1 minute read
Evan Orellana
Founder, Delray Surf Club
Surfrider Foundation Regional Director for Florida and Puerto Rico
Marine biologist and conservationist
THEN: For 12 straight years, Evan Orellana was a fixture on a beach somewhere in Florida, his longboard in tow, waiting to catch the next wave. But it wasn’t always that way; Orellana grew up about as far away from the beach as you can get in Broward County. Although he knew from an early age that he wanted to be a marine biologist, Orellana remained a weekend surfer until he attended Florida Atlantic University’s Harbor Oceanographic Institute, where he met a roommate who helped him make surfing a part of his daily routine. “Just being in the water is special,” he says. “You’re embracing a force of nature. It’s a whole other feeling.” An advocacy for the ocean and marine life led Orellana, who volunteered at Gumbo Limbo Nature Center in Boca and later became a part-time sea turtle biologist, to a career in environmental conservation and education. He was an education coordinator at Loggerhead Marinelife Center in Juno Beach and spent nine years as the director of education at the Sandoway Discovery Center in Delray Beach.

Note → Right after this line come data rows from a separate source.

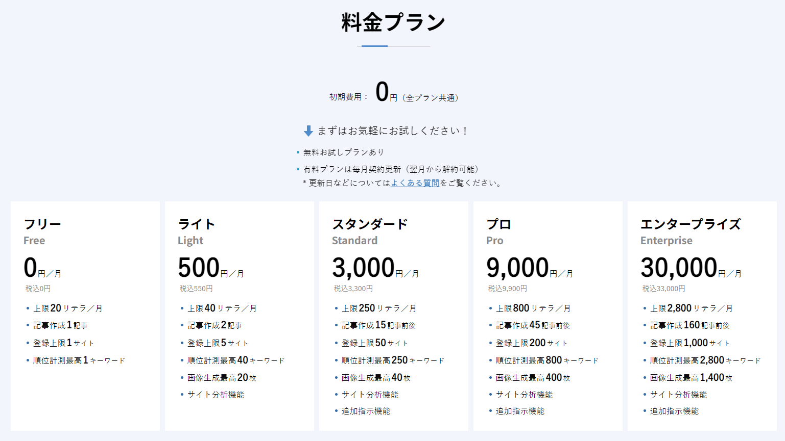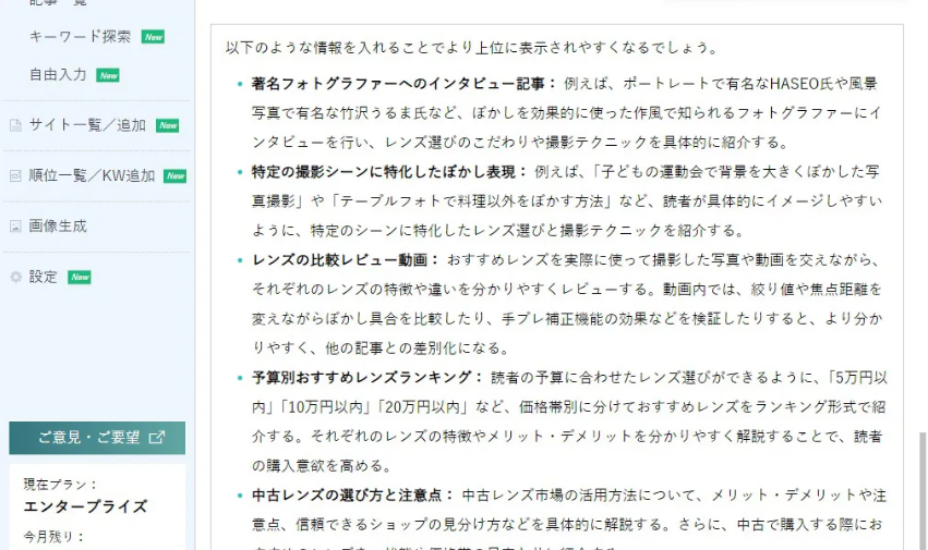 エンタープライズプランは、大規模な企業向けのプランです。高度なSEO対策ツールや専任のサポートスタッフが提供され、カスタマイズ可能なオプションも豊富です。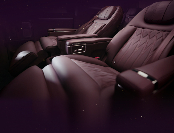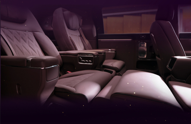 座椅:Nappa真皮座椅二排座椅可旋转(45°,90°,180°均可)太空舒躺模式一键联动调整靠背、腰托、腿托腿托长度最多1.05米二排双零重力座椅,123°调整。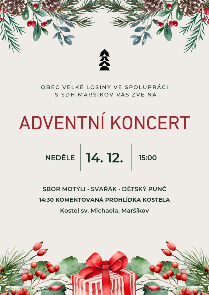 Obec Velké Losiny ve spolupráci se SDH Maršíkov vás srdečně zve na adventní koncert, který se uskuteční v neděli 14. 12. 2025. Akci obohatí vystoupení sboru Motýli, nabídneme také svařák a dětský punč. Nezapomeňte dorazit už v 14:30 na komentovanou prohlídku kostela sv. Michaela v Maršíkově.
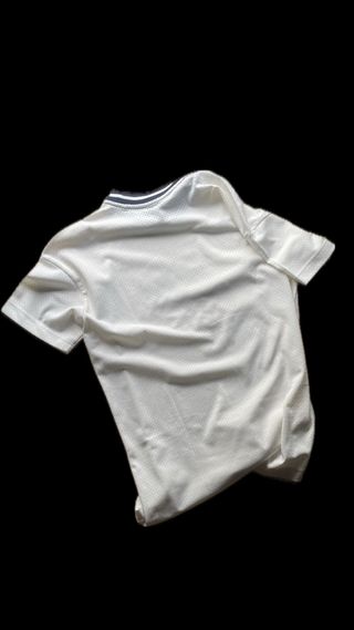Maglietta Nike vintage a rete, bianca. Perfetta per un look casual e sportivo. vestibilitá oversize - Modello a rete - Collo a righe blu scuro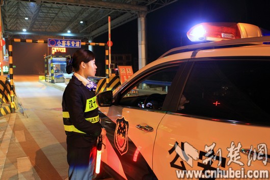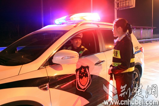 图为:晚21点,遇高警巡查路况,互祝“新年快乐”,并咨询路况。除夕夜,坚守一线的不仅有收费人员,也有路政、高警在路上为过往车辆保驾护航。杨昆摄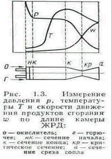 Топливо после воспламенения горит при высоких давлениях (в некоторых случаях до 15—20 МПа и более). При горении топлива образуются газообразные продукты сгорания (рабочее тело), нагретые до высоких температур (3000—4500 К), которые истекают из камеры сгорания в окружающее пространство через сопло. По мере движения ПС по длине сопла температура и давление их уменьшаются, а скорость возрастает, переходя через скорости звука в минимальном (критическом) сечении сопла. На выходе из сопла скорость истечения достигает 2700—4500 м/с. Чем больше секундный расход массы и скорость газа на выходе из сопла, тем больше тяга, создаваемая КС. Примерный характер изменения температуры Т, давления р и скорости w топлива и газов по длине камеры ЖРД изображен на рис. 1.3. Высокие термо- и газодинамические параметры (давление, температура, скорость) газа, а также коррозионное и эрозионное воздействие ПС на стенку камеры создают чрезвычайно тяжелые условия ее работы. Обычно для надежной работы камеры помимо интенсивного наружного (регенеративного) охлаждения применяют специальные методы защиты: пристеночную зону с пониженной температурой газа (внутреннее охлаждение), специальные термостойкие покрытия стенок и т. д. Применение внутреннего охлаждения, как правило, уменьшает удельный импульс, что невыгодно, так как снижается экономичность двигательной установки. В общем же случае ЖРД состоит из КС (или нескольких камер), систем регулирования и подачи компонентов топлива, исполнительных устройств для создания управляющих моментов, соединительных магистралей и т. п. Система регулирования осуществляет автоматическое поддержание или программированное изменение параметров в камере для обеспечения заданных величин тяги, определенного соотношения компонентов, устойчивой работы КС, а также управляет переходными процессами, например запуском и остановкой двигателя. Для системы регулирования применяют различные клапаны, редукторы, запальные устройства и другие элементы, называемые органами автоматики, назначение которых — осуществлять определенные опеоании в заданной последовательности.
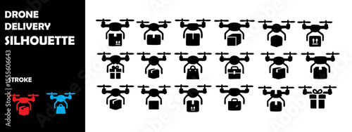 Drone Delivery Silhouette Vector Set – Flying Parcel Drones and Modern Logistics Icons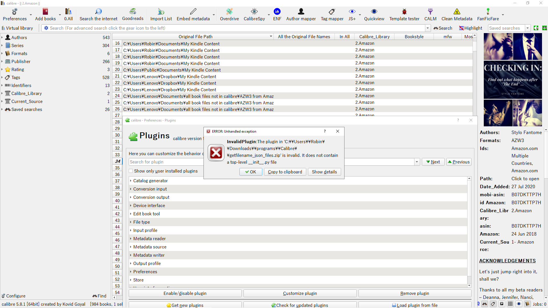 Must be something in my 64 bit 5.5. So, I renamed getfilename.json to *.json.save, redid the plugin configuration, and then added a book - y ahí tienes, it worked fine I am attaching the getfilename.json & getfilename.json.save files. BR |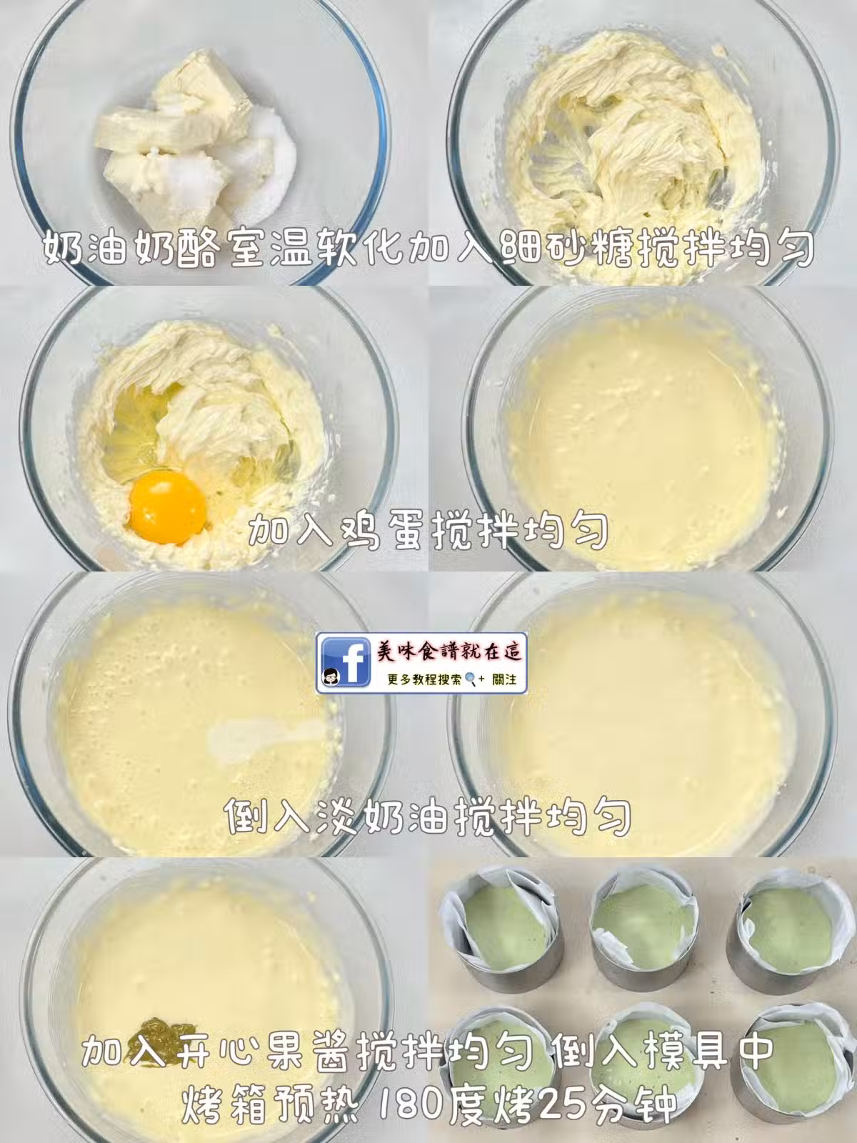 1️⃣奶油奶酪室溫軟化加糖攪拌均勻;加入雞蛋攪拌均勻,倒入淡奶油攪拌均勻,加入開心果醬攪拌均勻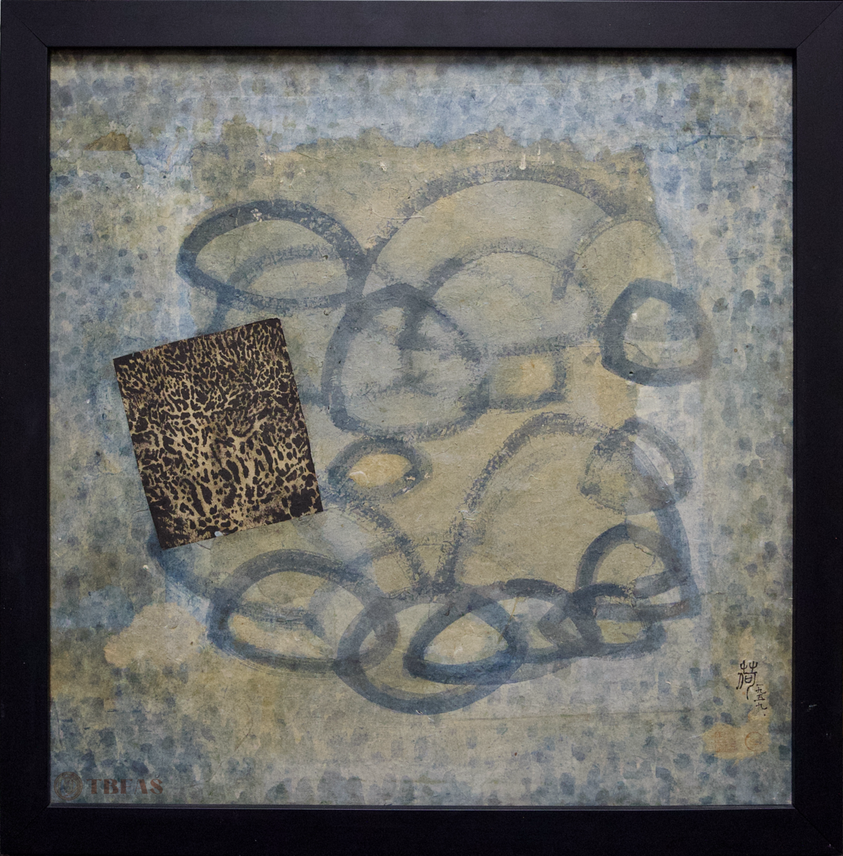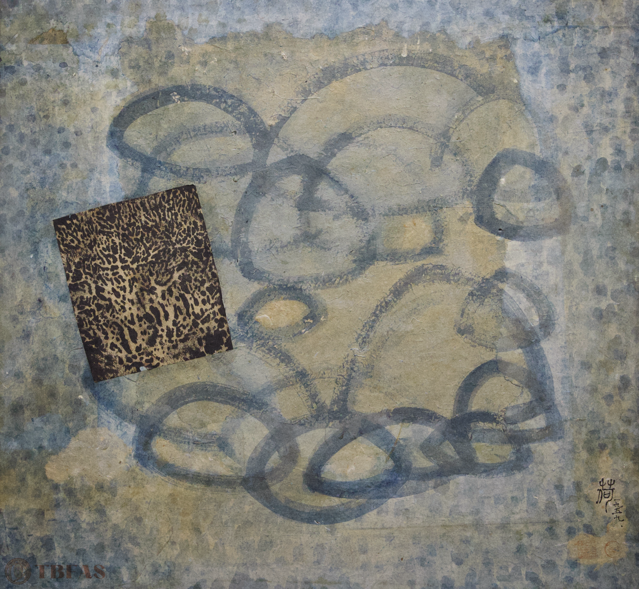 Tseng’s artwork may look like abstract shapes painted with Chinese ink and color on paper, using traditional brush strokes and dots, without clear subjects. But upon closer look, you can spot landscapes and other subtle shapes hidden within the misty designs. In the 1950s, she began experimenting with layering gold or silver foil, which she called “dsui.” Her work was part of a traveling exhibition organized by the Smithsonian Institution and was displayed in various museums and art centers across the United States in 1955.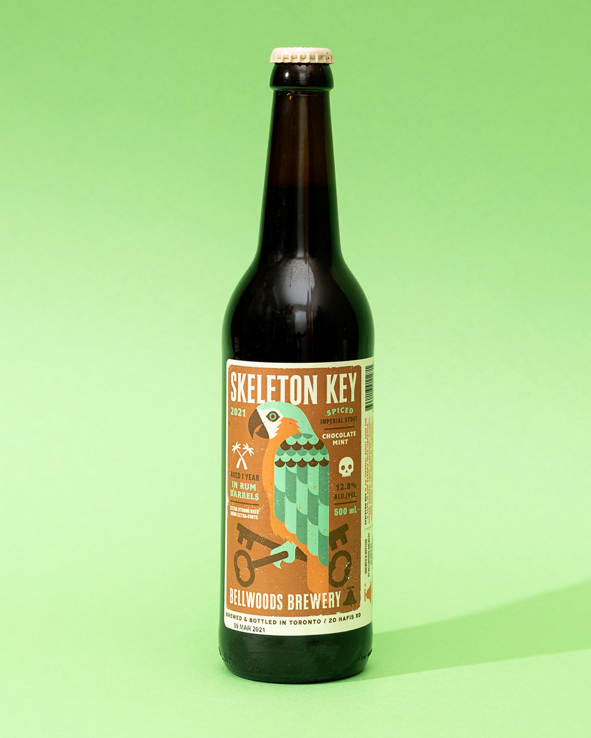 Skeleton Key is an imperial stout aged for just over a year in rum barrels, with a mix of cinnamon, ginger, nutmeg, anise, cardamom, all spice, and vanilla. The resulting beer is an intense showcase of dark chocolate, caramelized malts, spirit barrel, and lively spices. This 2021 variant has been conditioned with mint and chocolate.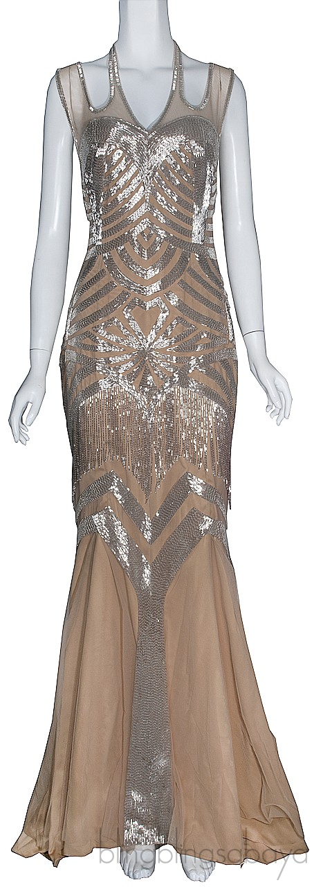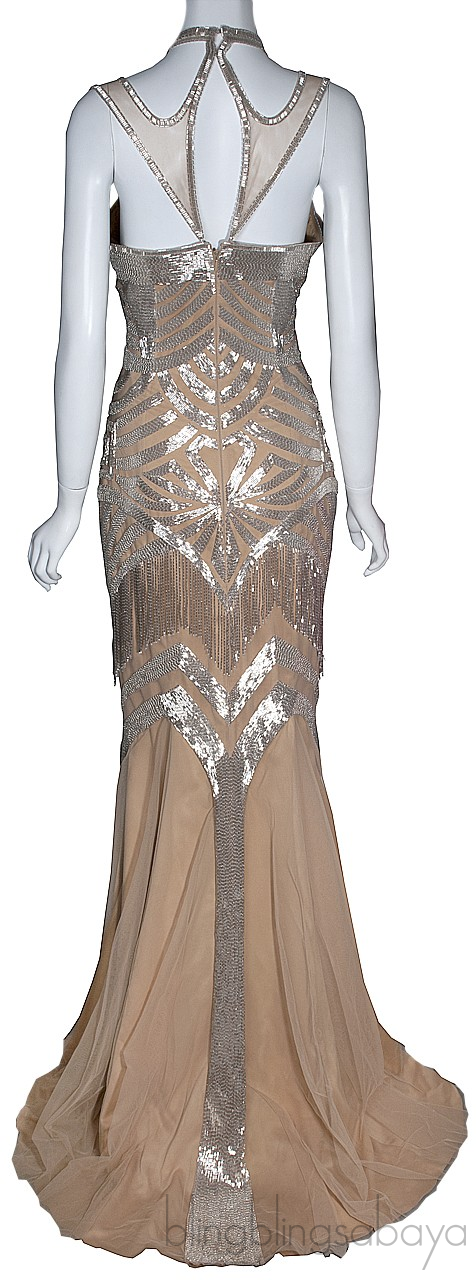 Long Mermaid Beads Embellished Dress from Walid Atallah is made of silk chiffon brown fabric. Features a figure hugging mermaid cut dress artfully embellished with silver beads, sleeveless, cut-out shoulder strap with beads trimming, hook and zip fastening at rear, fringed beads detailing down the hips and long skirt with sweeping train. (measurements are just approximate)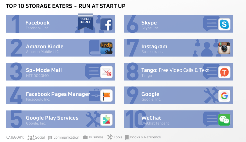 As for the other apps, there's WhatsApp and KakaoTalk, both messaging apps, tenerting the Top 10 overall performance black holes. Interestingly, Google Play Store remains one of the top battery drainers of all time. And as for your data storage chompers, you might be surprised to realize that it is Facebook and Kindle who top the list.

NOW: The Florida and Puerto Rico regional manager for the Surfrider Foundation, a national nonprofit group founded by surfers and focused on ocean-, wave- and beach-conservation, Orellana remains a driving force behind the Delray Surf Club, an organization he founded six years ago with the idea of keeping the area’s surfing community strong. Mostly a social organization, the club hosts movie nights, featuring surfing films and often a few boxes of pizza, as well as other gatherings including beach cleanups. The club also hosts two big events: a surfing competition in Jupiter and its “Surf Swap,” featuring surfer-vendors for music and a surfboard swap. “Our goal is to bring surfing back to what it used to be,” Orellana said.